Loveland is a good choice. Hardly any crowds. I rarely have a bad time there. It does have a couple of issues. 

1. On weekends almost everyone is going to Summit Country and Vail. So you have to deal with that traffic which is typically stop and go from Georgetown to the Tunnel.

2. On windy low visibility days, there really is no way to work around it. They have a few tree runs, but very very limited. Most everything is above treeline and it's a bitch in those conditions. That is when I have had a bad time there. Plus they are generally forced to close a lot of their lifts in that situation.

Multi pass season passes are only around $100 more. You can get the Breck, Keystone, Abasin pass or Copper/Winterpark for tossing in another $100. Bigger resorts for sure. One advantage that I like about Winterpark is you jump off 70 at US 40 to get there. If you left at a decent hour, this gets you away from a lot of the stop and go. Plus Winterpark is in a different area than Summit and Vail. Often times you can play the snow game. Call the snow report and see who got more snow. If equal it's a tossup, but I have seen Copper or Winterpark get significantly more snow than the other. As much as 20". Plus there is the "I'm going to Copper but traffic sucks at Idaho Springs so bail to Winterpark option." If you go with Loveland, or the three mountain you are stuck going there.

If I didn't ride backcountry I would probably pick up the Loveland Pass in addition to my Copper/Winterpark pass.


----------



## bravo_castle (Aug 16, 2007)

DrGreeNThumB420 said:


> u snowboard loveland often???? im moving to CO and that where i plan to buy a season pass....only 259$ ...... i want to ride alot this year 20+times and i dont have the money for places like vail, breck....loveland good choice?


KC summed it up better then I could have. 

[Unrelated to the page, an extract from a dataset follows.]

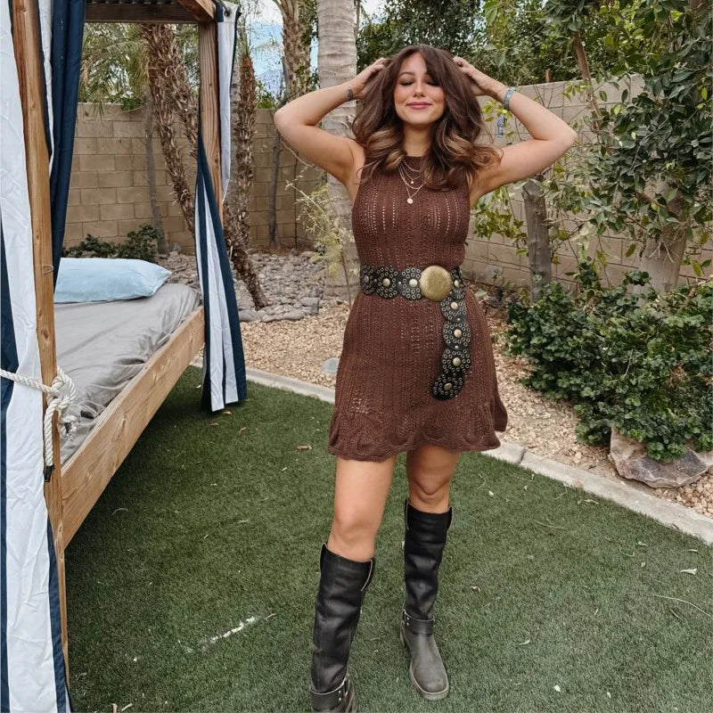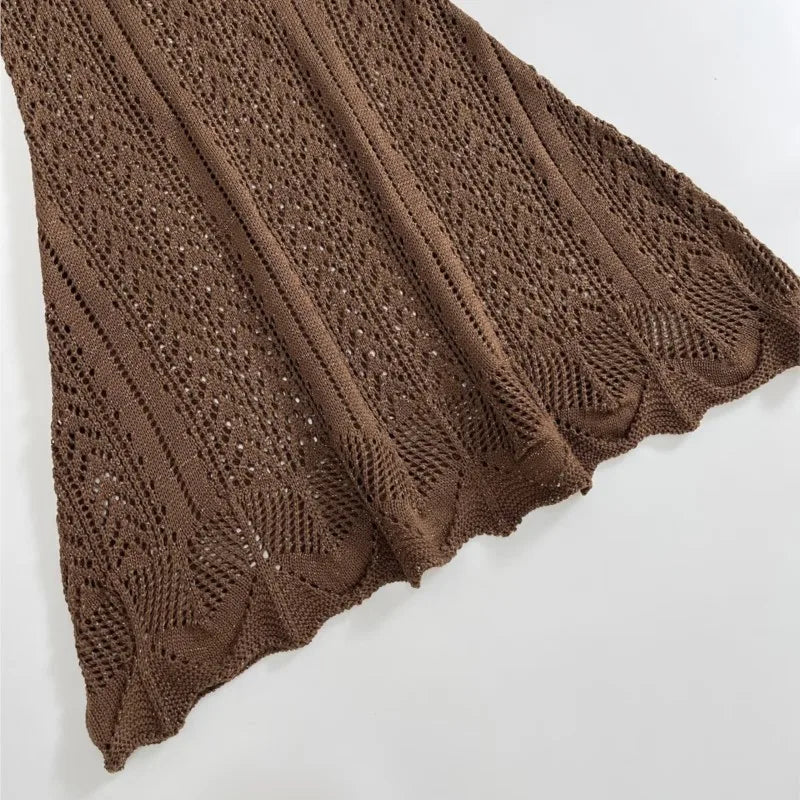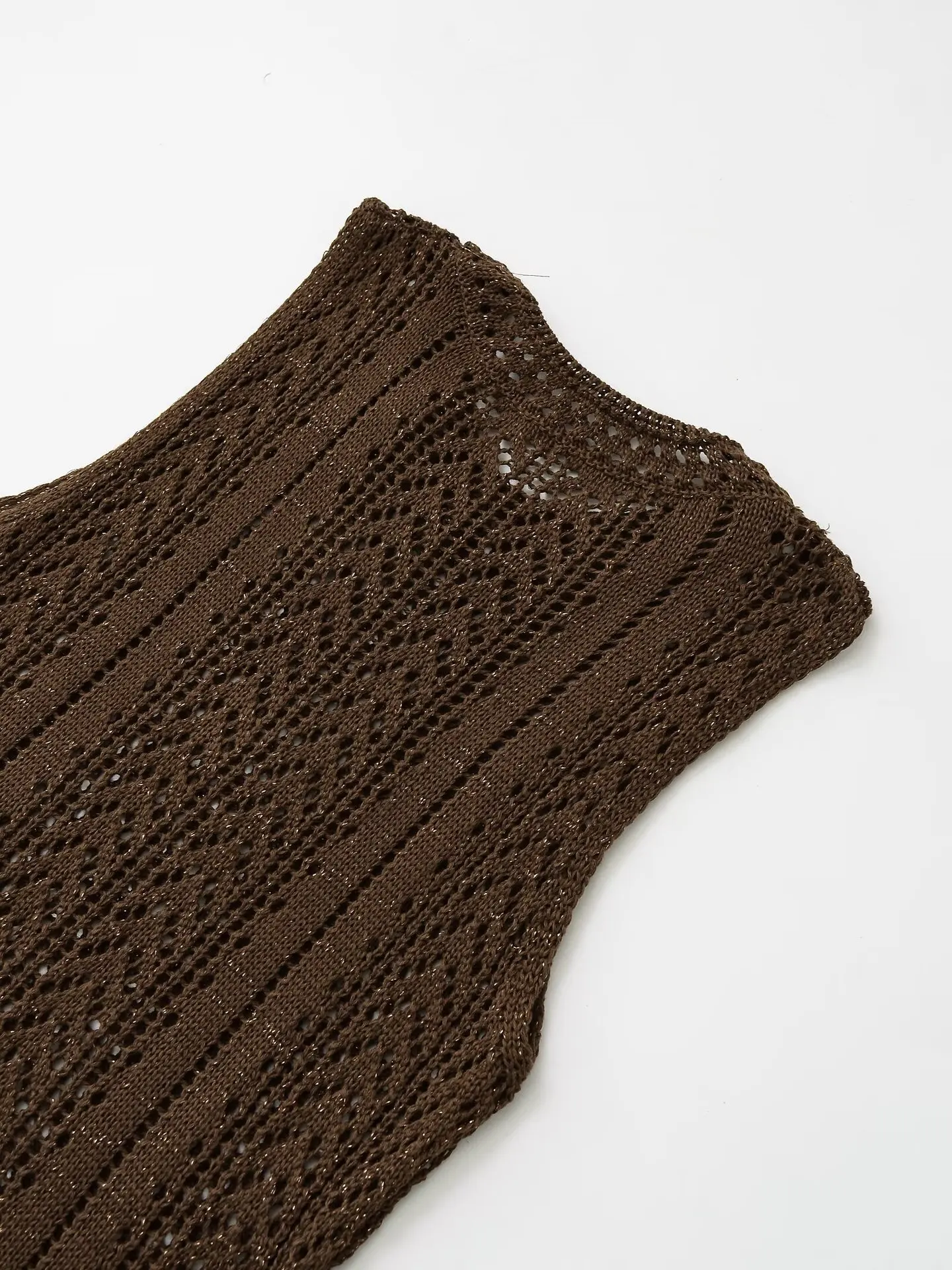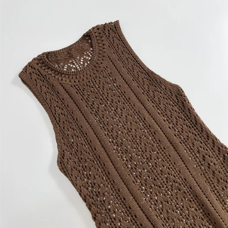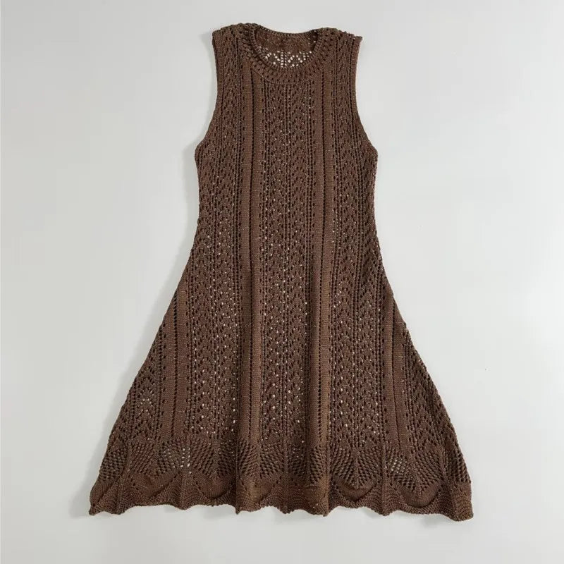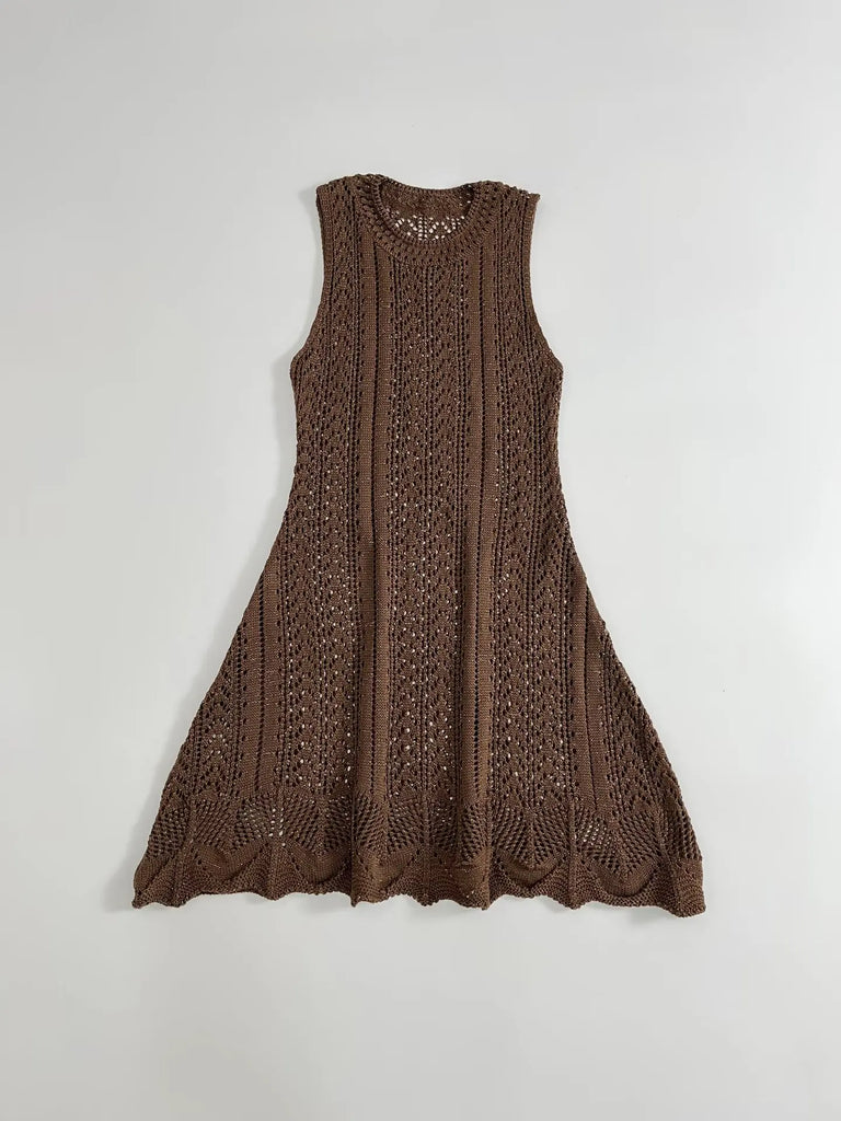 Slim Fit O Neck Hollow Sleeveless Knitted Short Dress Solid Color Brown Streetwear Women Dress Fashion Retro Vestidos New

I'll reinforce the part about paying the extra $130 & get the Rocky Mountain Super pass.
Having the option to ride either WP/MJ or Copper is a great advantage.
By no means am I saying that the Loveland pass is a bad deal or you shouldn't get it. 
Hell I'm -> <- that close to getting one myself. 
But I do have the RMSP already.


----------



## DrGreeNThumB420 (Aug 19, 2007)

nice thanks for info ill have to look a little more into those other passes......one thing i love is tree riding so that one thing about loveland i have to think about....but i also have never been to a elevation high enough to where you can see and ride above treeline!! i just cant wait to get to CO i hope i adjust well to the elevation cause i do smoke alot n dont work out to often......off topic is there alot of backcountry spots in CO?? ive never even thought bout that n have wanted to just nothing too risky


----------



## bravo_castle (Aug 16, 2007)

DrGreeNThumB420 said:


> nice thanks for info ill have to look a little more into those other passes......one thing i love is tree riding so that one thing about loveland i have to think about....but i also have never been to a elevation high enough to where you can see and ride above treeline!! i just cant wait to get to CO i hope i adjust well to the elevation cause i do smoke alot n dont work out to often......off topic is there alot of backcountry spots in CO?? ive never even thought bout that n have wanted to just nothing too risky


Winter Park has good tree riding on the Mary Jane side of the resort, as does Copper Mountain. 
I've also done some fun tree runs at Loveland.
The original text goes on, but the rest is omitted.